The areas inside two relatively high peaks represent the catchment basins (CBs), i.e., in this image the grains, whose boundaries should be detected. A closer inspection of this profile shows that the non-significant minima, which are responsible for the over-segmentation, are located between two small peaks. To achieve a reliable segmentation all these small, non-significant, minima should be somehow ignored. The relative difference between peak heights then suggests an effective way to segment this image. It is possible to merge all the small basins taking into account not only their depths but, as well as, their areas and volumes.

Since the relief is being flooded from the bottom of each catchment basin, all local minima are progressively detected and eventually merged as the flooding takes place, as illustrated in Fig. 5. The ABA algorithm embeds a set of rules into the original non-hierarchical watershed algorithm to guide the catchment basins merging process. Combining these rules it is possible to merge, to delay or even to prevent the catchment basin's merging. The method was implemented to allow the free combination of these parameters, i.e.; the user has the option to chose which parameters to use. This simple expedient allows the direct segmentation of the original image without the need of previous filtering or markers detection steps, usually required by the watershed transform. The catchment basin's depths, areas and volumes are constantly monitored for each basin as the flooding occurs. An additional set of rules, providing intrinsecal filtering capacity, is used to suppress the noise. Figure 6 shows snapshots of the flooding process for different values of the height attribute.

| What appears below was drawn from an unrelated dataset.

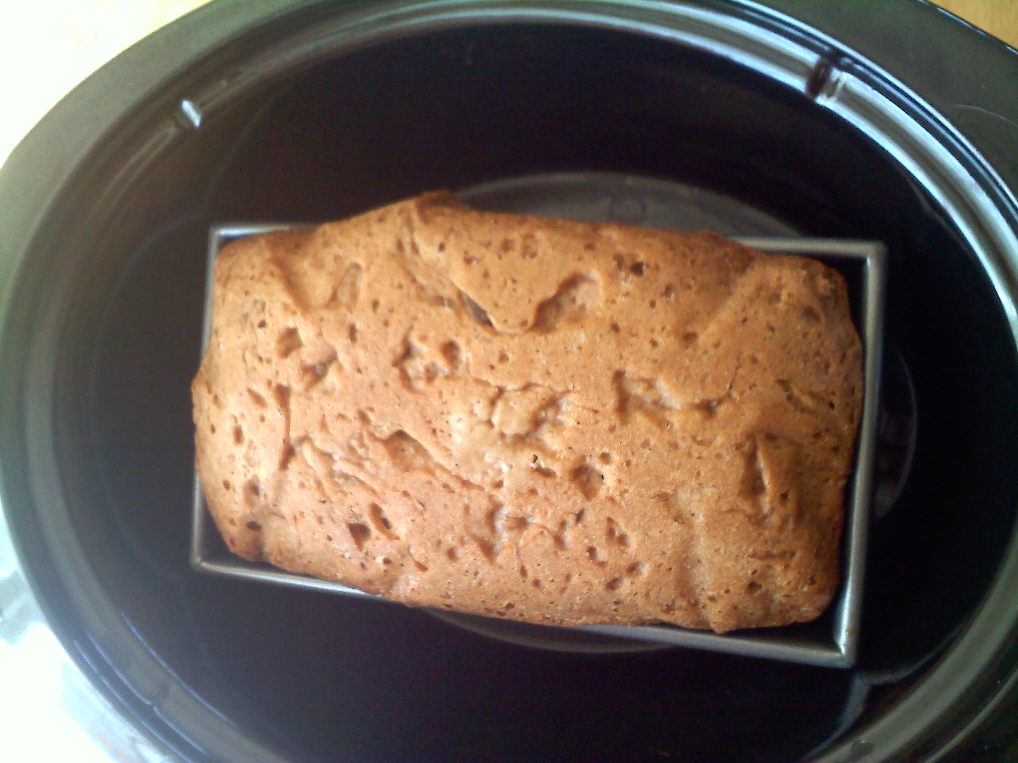 3. Cover cooker and bake on High 2 1/2 to 3 hours. Remove from pan and uncover.

Figure 5. Attributes of a catchment basin.

Figure 6. Time sequence absorptions for different h values (depth) during flooding with ABA.

3. Results and Discussion

Figures 7a , 7c and 7e show uranium oxide samples presenting grains, pores and acquisition defects. The presence of strong noise and irregular lighting, prevent the direct segmentation of these images by conventional techniques. Applying an histogram thresholding technique, for example, would produce thick, broken, deviated boundaries and the regions would show undesirable holes due to the interior pores. Figures 7b, 7d and 7e present the respective ABA segmentation results. In these examples, the ABA transform was directly applied to the negative of original images. It can be seen that, despite the initial noise, almost all contours were correctly detected and the grains are clean and well defined. The ABA transform has been applied to several samples of ceramic images producing very good results. The determination of the 3D-grain size distribution can be done from these segmented images employing a stereometric method like the Saltykov method.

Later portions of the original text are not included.